- [The input]:
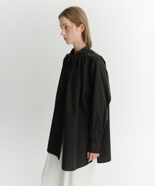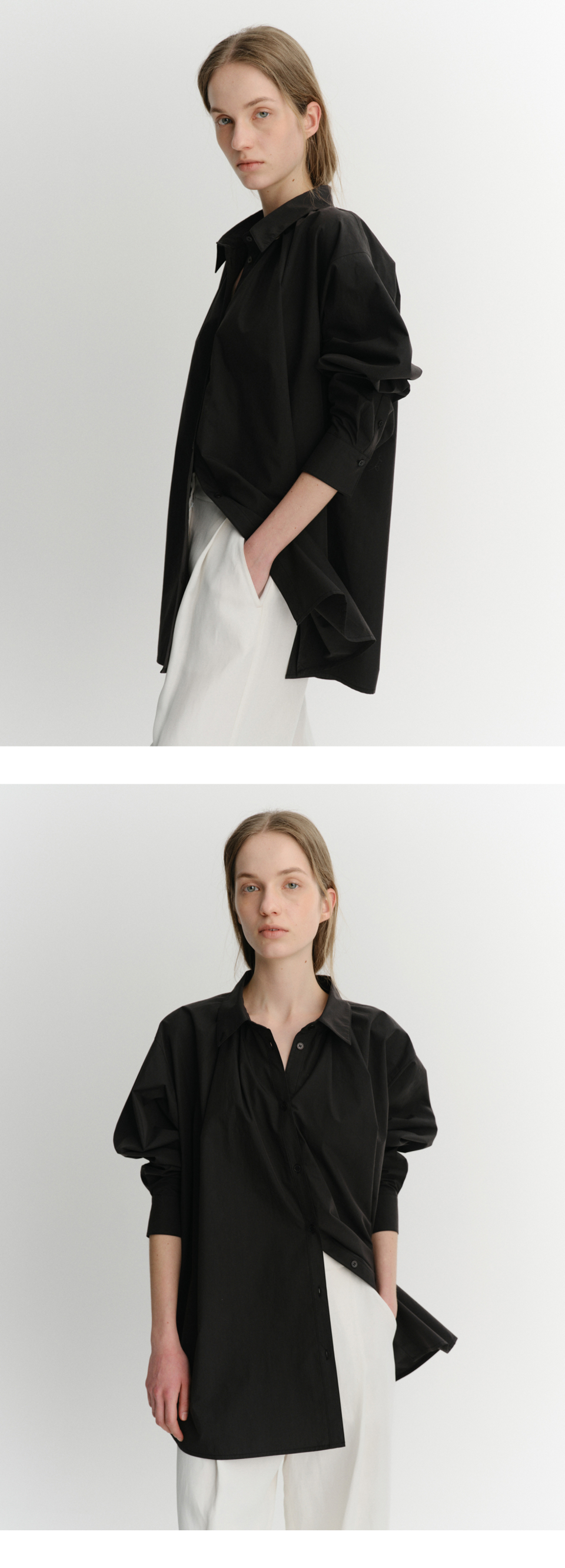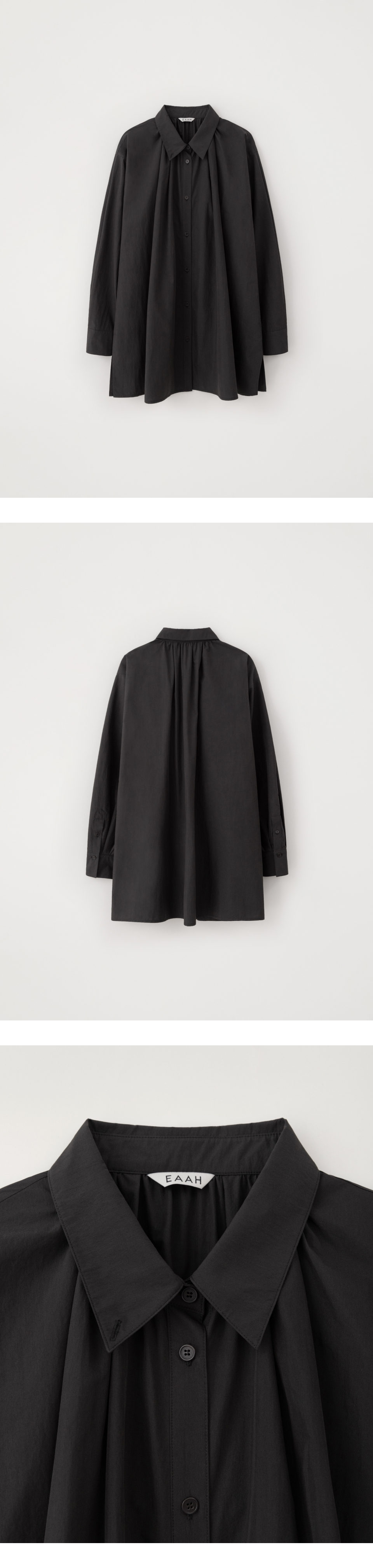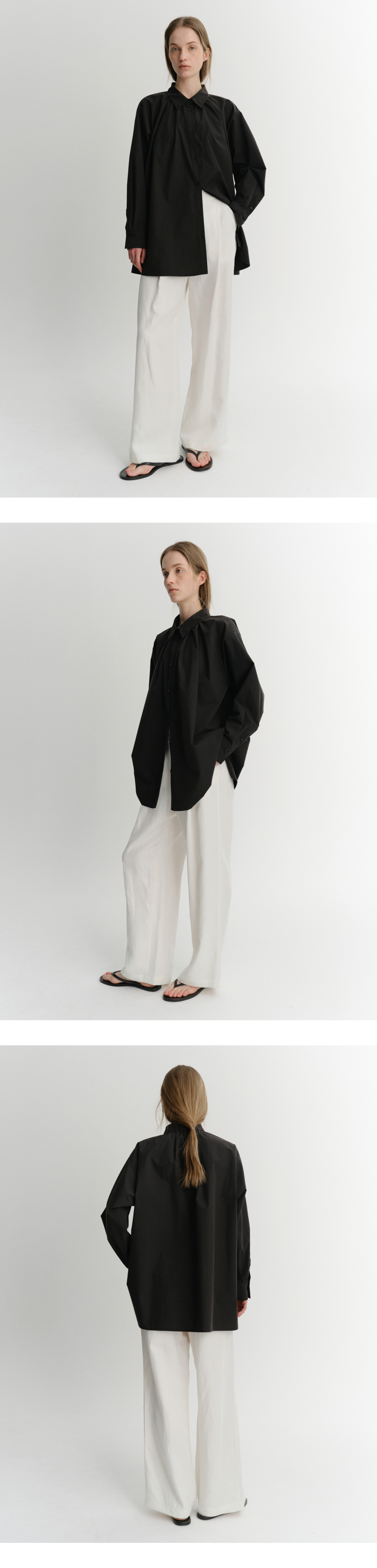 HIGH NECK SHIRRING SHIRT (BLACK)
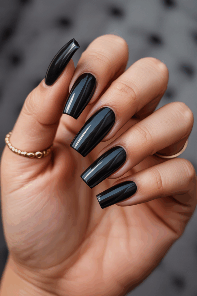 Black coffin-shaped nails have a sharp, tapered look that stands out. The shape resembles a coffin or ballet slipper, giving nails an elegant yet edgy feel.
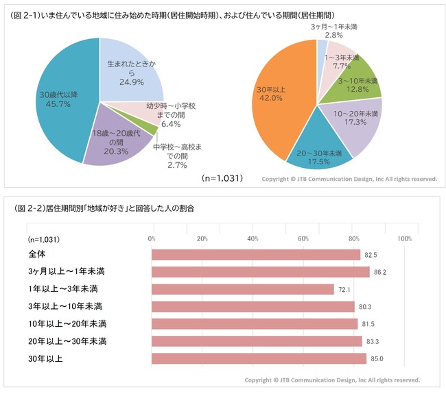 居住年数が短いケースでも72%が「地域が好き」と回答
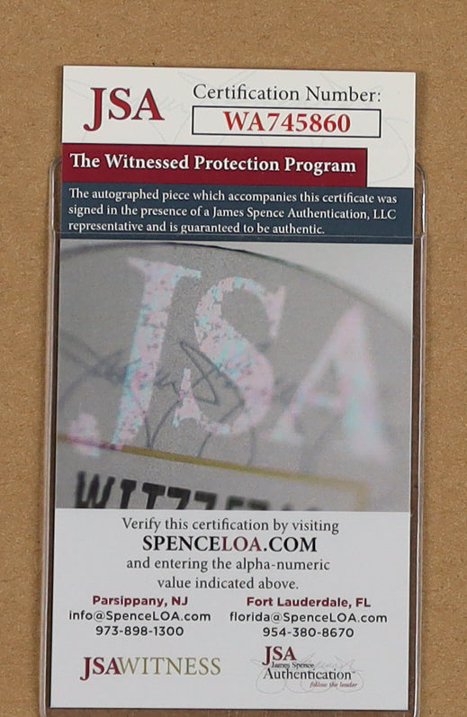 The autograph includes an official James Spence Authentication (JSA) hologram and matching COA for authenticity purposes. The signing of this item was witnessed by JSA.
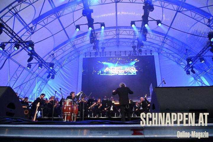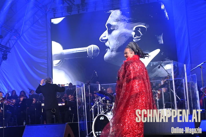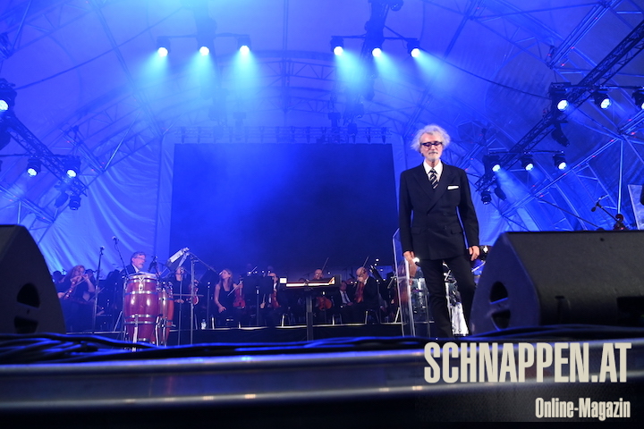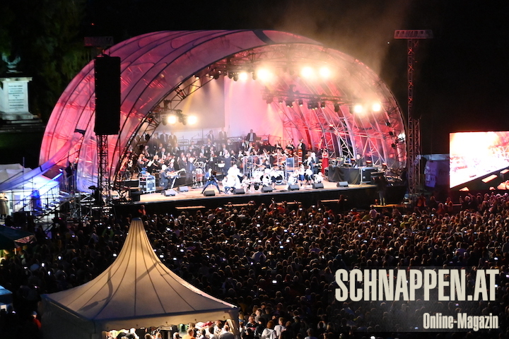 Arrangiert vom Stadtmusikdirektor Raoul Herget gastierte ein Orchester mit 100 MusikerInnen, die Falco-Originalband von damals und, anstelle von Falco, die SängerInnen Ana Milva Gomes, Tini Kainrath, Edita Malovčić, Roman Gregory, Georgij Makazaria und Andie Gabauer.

- [Exercise aim]: Working down from the line with "居住年数が短いケースでも72%が「地域が好き」と回答", copy each line exactly until the last line of the entries, which is also included. Omit the pictures.

- [Result below]:
 居住年数が短いケースでも72%が「地域が好き」と回答
 The autograph includes an official James Spence Authentication (JSA) hologram and matching COA for authenticity purposes. The signing of this item was witnessed by JSA.
 Arrangiert vom Stadtmusikdirektor Raoul Herget gastierte ein Orchester mit 100 MusikerInnen, die Falco-Originalband von damals und, anstelle von Falco, die SängerInnen Ana Milva Gomes, Tini Kainrath, Edita Malovčić, Roman Gregory, Georgij Makazaria und Andie Gabauer.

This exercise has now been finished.